When the programme was cancelled in 1994, “I felt like a freak,” Timberlake said. “I was angry, back in this small town, feeling like a door had closed.” Just when he’d persuaded his mother to take him to Los Angeles for pilot-season auditions, he received a call from a singer named Chris Kirkpatrick, asking him to join a new pop group. “Within eight months we had a record deal, then we were touring Europe and selling records,” Timberlake said of ’N Sync’s rise. He threw himself into the group, analysing performance footage like an athlete. But he was, to a large degree, flying blind: “I didn’t know how to process any of it,” he said.

After ’N Sync, Timberlake was hungry for a different script. “I wanted to do something real,” he said. For his 2002 solo debut, Justified (Jive), and its 2006 follow-up, FutureSex/LoveSounds, he collaborated with the visionary hip-hop producer Timbaland, among others, earning newfound musical credibility. On the No. 1 single SexyBack, “I didn’t sound the way I had before,” Timberlake said. “I wasn’t singing so much as talking in the key of the song. I ran my voice through a guitar amp.” His label thought the jagged, droning track risked being unrecognisable as a Justin Timberlake song, which is precisely why it appealed to him.

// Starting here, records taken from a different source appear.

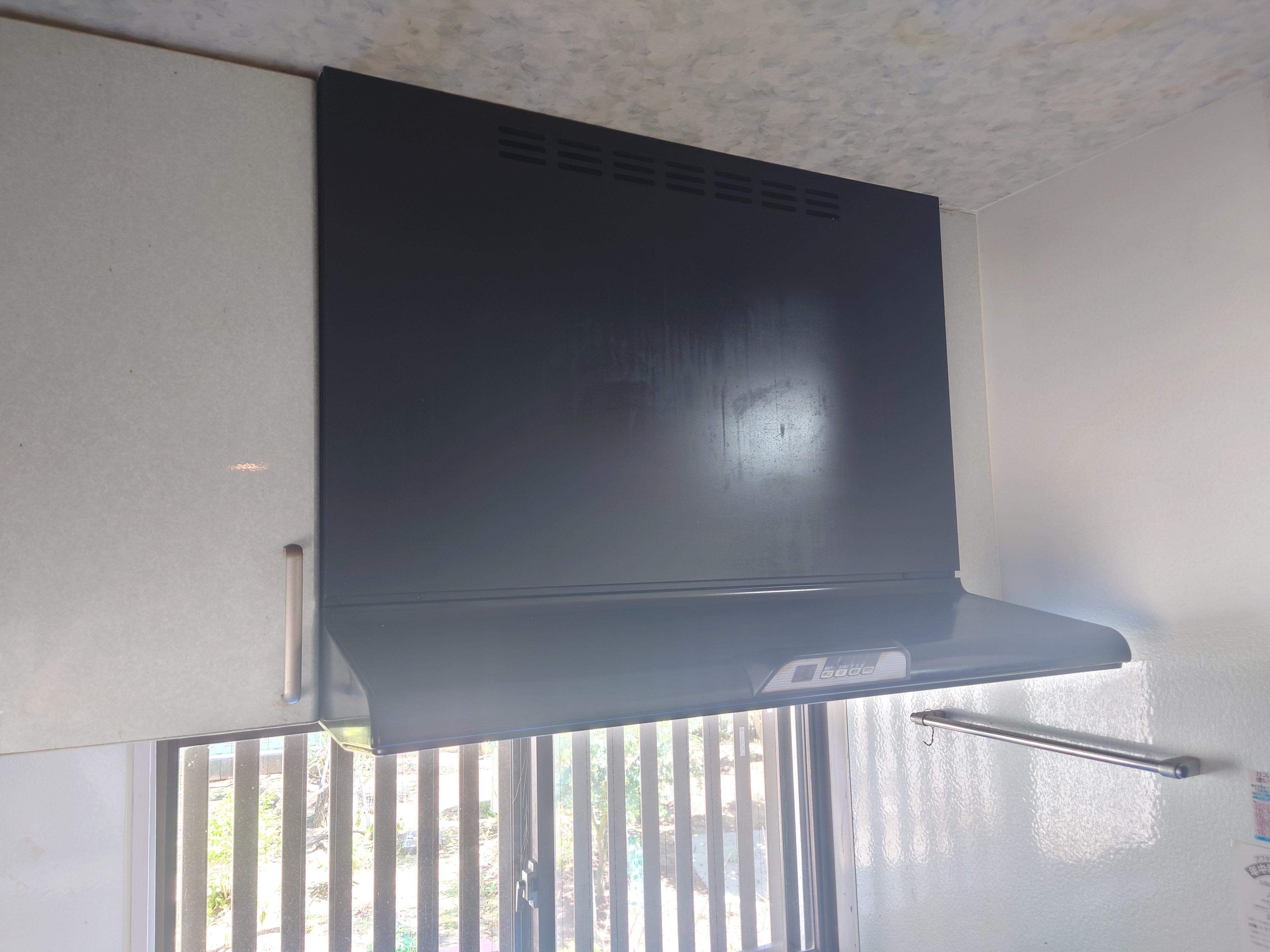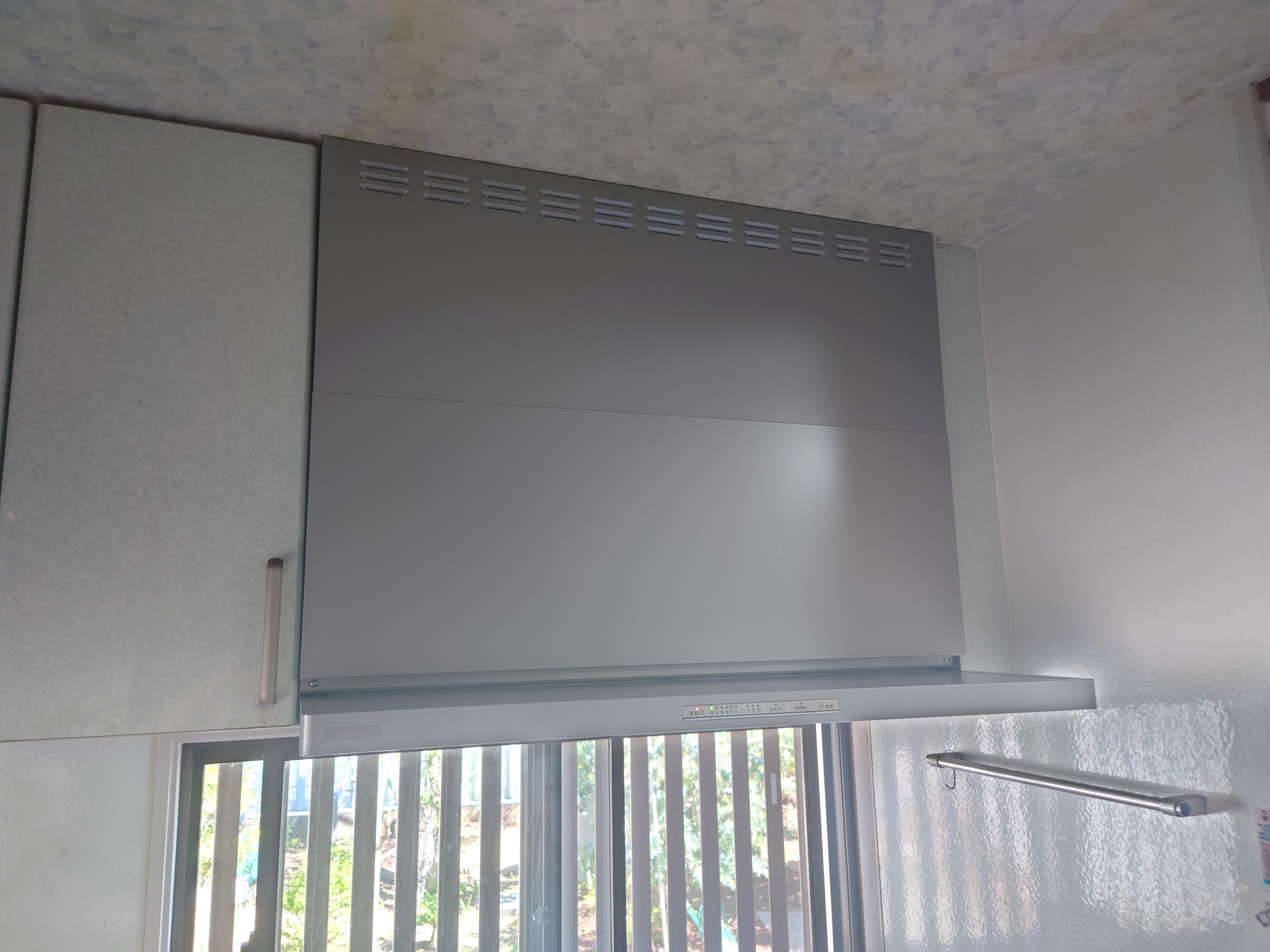 老朽化の為、吸い込みが悪くなってしまったとのことで、レンジフードの交換をさせていただきました。 ご採用いただきました商品は、レンジフード専門メーカー独自の「オイルスマッシャー」により、ファンとレンジフード内部への油の侵入をブロック。ファンとレンジフード内部のお掃除が不要で、お手入れにかかる時間を大幅に削減します。内部の羽を10年間洗わなくてよい、とても清掃性が良いものとなっております。
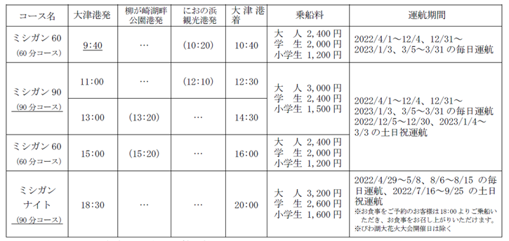 1.ミシガンクルーズ2022年度運航ダイヤ・料金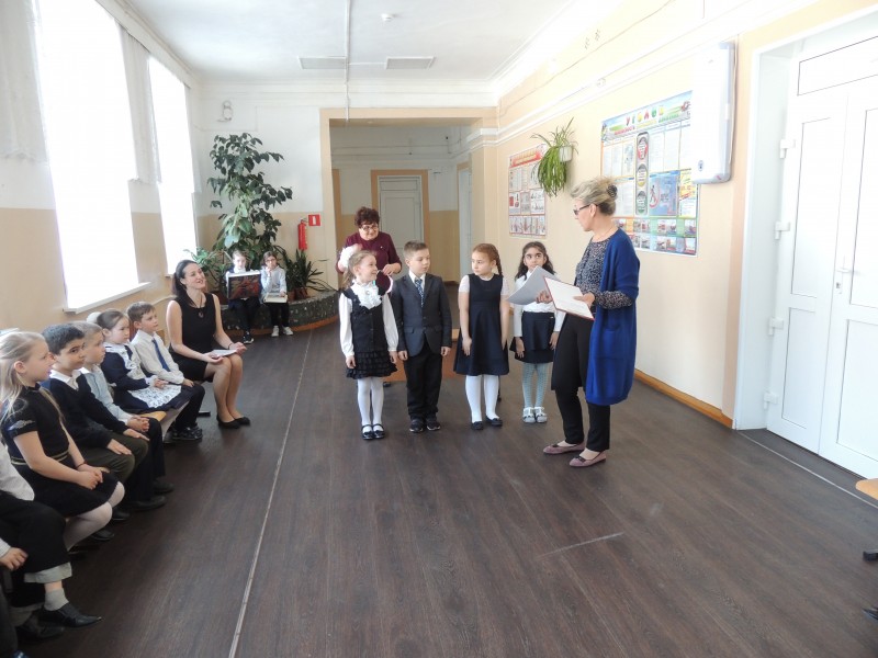 Затем ведущая с ребятами совершила путешествие по сказкам. Дети отвечали на вопросы сказочных викторин «Угадай героя», «Волшебные предметы». Далее дети заглянули в мир произведений Корнея Ивановича Чуковского. Потом дорога привела ребят к рассказам Николая Носова. Дети отвечали на вопросы викторин по рассказам: «Огурцы», «Живая шляпа», «На горке», «Замазка», «Фантазеры» и др. Двигаясь дальше открыли книги Сергея Михалкова и ребята с удовольствием прочитали его стихи наизусть. Затем первоклассники познакомились с произведениями Самуила Яковлевича Маршака, а по стихотворению «Кот и лодыри» дети показали театрализованную сценку.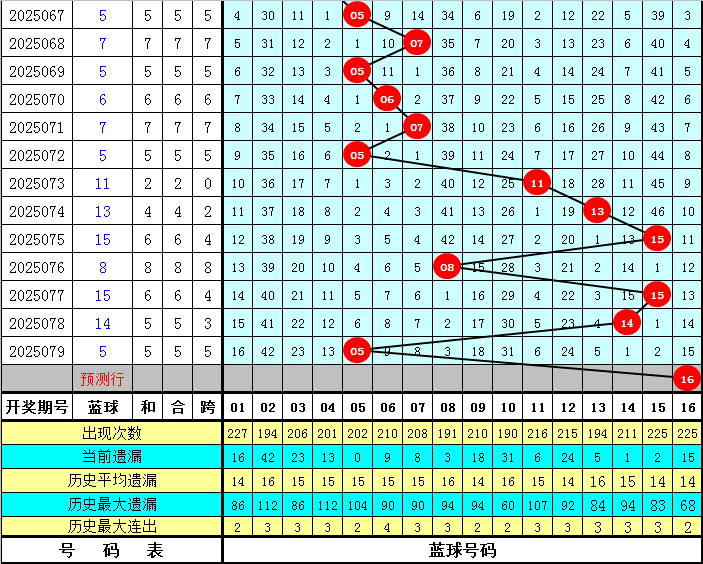 蓝球分析【一区01-04,二区05-08,三区09-12,四区13-16】:上期蓝球为05,出现在第二区,近50期区间比为11:14:14:11,近10期区间比为0:5:1:4,本期预计蓝球在第四区出现,参考蓝球16。

Physical ease is one of Timberlake’s clearest assets as an actor, honed over all those years he spent dancing onstage. Fincher pointed to a wordless montage in The Social Network in which Sean holds court at a Japanese restaurant: “There’s no dialogue, but you can see it in his eyebrows, in his hands. He’s this impish leprechaun who’s taken over the night.”

In Friends With Benefits, a romantic comedy about two pals who try to incorporate sex into their friendship, Timberlake has his biggest role yet, playing a hotshot art director with intimacy issues.

Movies are Timberlake’s priority these days, but he also owns, wholly or in part, restaurants, a fashion line called William Rast, a record label, and even a golf course. Discussing his involvement with Specific Media, the company that just bought MySpace, he said he’d put his own money into the purchase (declining to reveal how much) and explained his role, roughly, as that of a “connector” and brainstormer. “I’m not a capitalist,” he declared. “I just love ideas, getting chances to create.”